Carbon policy


Clean energy offers cost-effective solutions to combat climate change and address a pandemic-induced recession by reducing emissions, creating jobs, and driving billions of dollars in investment. Comprehensive carbon policy will speed the clean energy transition, bolstering our economy and environment.

Commonsense, market-based carbon policy means cleaner power and a stronger economy.

The Biden administration has set a goal of achieving 100% clean electricity for the power sector by 2035 and net-zero carbon emissions economy-wide by 2050. Rapidly scaling up American clean energy is a cornerstone of meeting these targets.

Wind and solar already avoid 52 million cars’ worth of CO2 emissions a year, representing highly affordable, reliable solutions for reducing greenhouse gas emissions. As the Biden administration seeks to set and attain ambitious clean-energy goals, it will likely work with Congress in shaping carbon policy, which could include options like enacting a federal Clean Energy Standard (CES) and/or an economy-wide carbon tax.

Fortunately, support for carbon policy has become increasingly bipartisan. In the 116th Congress (2019-2020), Democrats continued touting the importance of comprehensive carbon policy and, increasingly, so did Republicans. Lawmakers on both sides of the aisle have continued to express an openness and desire for passing climate legislation.

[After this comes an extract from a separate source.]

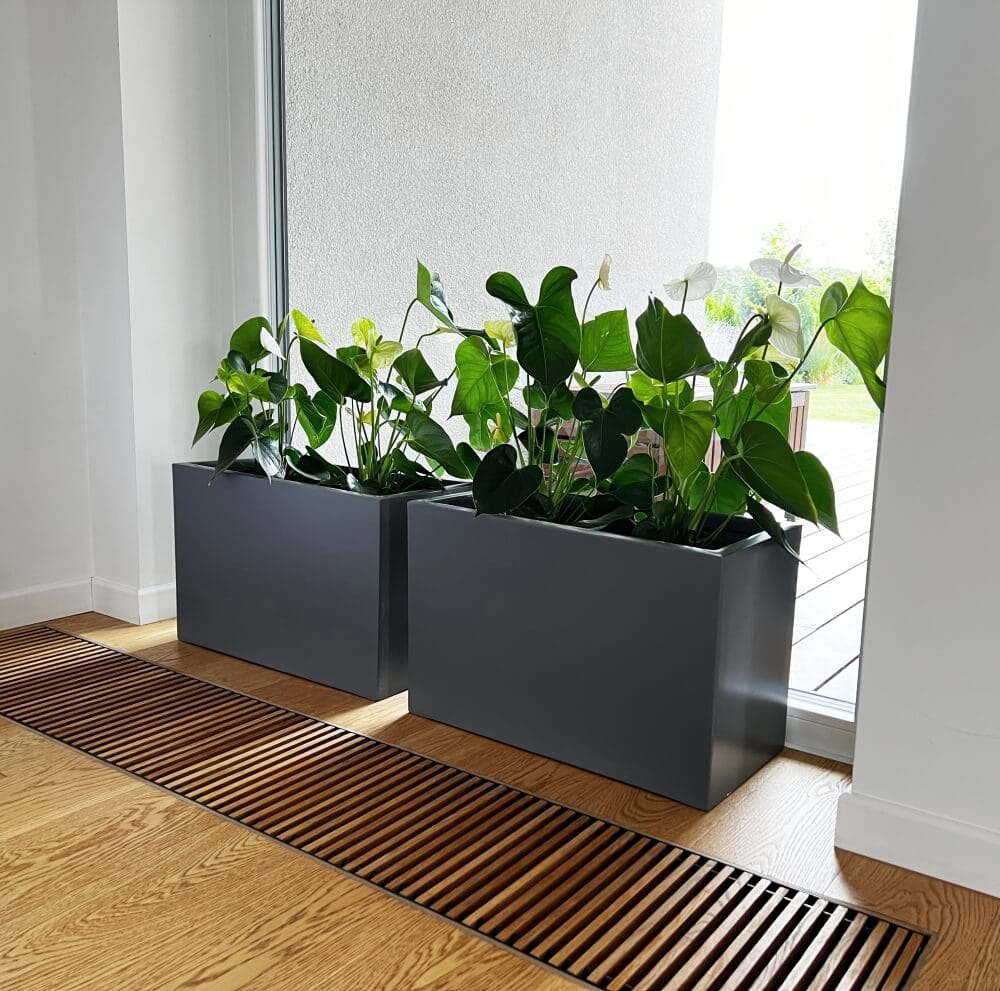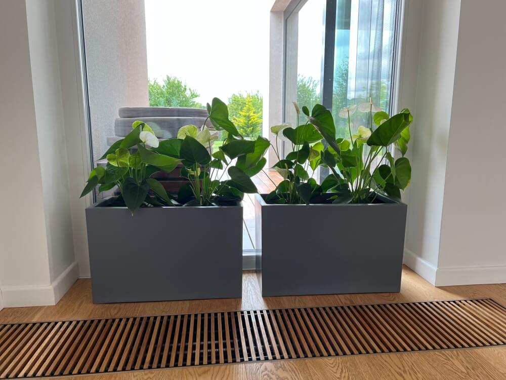 - Włókno szklane → materiał bardzo wytrzymały, całkowicie odporny na promienie UV i korozję, dzięki czemu donica długo zachowuje swój wygląd.

Executive Orders, administrative actions, and budget priorities can also play a role in setting carbon policy. The Environmental Protection Agency, using its authority under the Clean Air Act, can set carbon-reduction regulations, while the Department of Transportation can help drive electrification measures forward. The Office of Management of Budget can set a social cost of carbon to ensure all government regulations limit carbon impacts, and the Federal Energy Regulatory Commission can play a critical role by encouraging regional transmission organizations (RTOs) to incorporate a carbon price into their markets, as well as ensuring infrastructure can support carbon targets.

Clean energy is the foundation of carbon policy and a strong economy.


Wind and solar have avoided 1.5 billion tons of carbon dioxide emissions since 2005.


Clean energy avoids 102 million cars’ worth of CO2 emissions every year.


Clean energy provides jobs for over 460,000 Americans.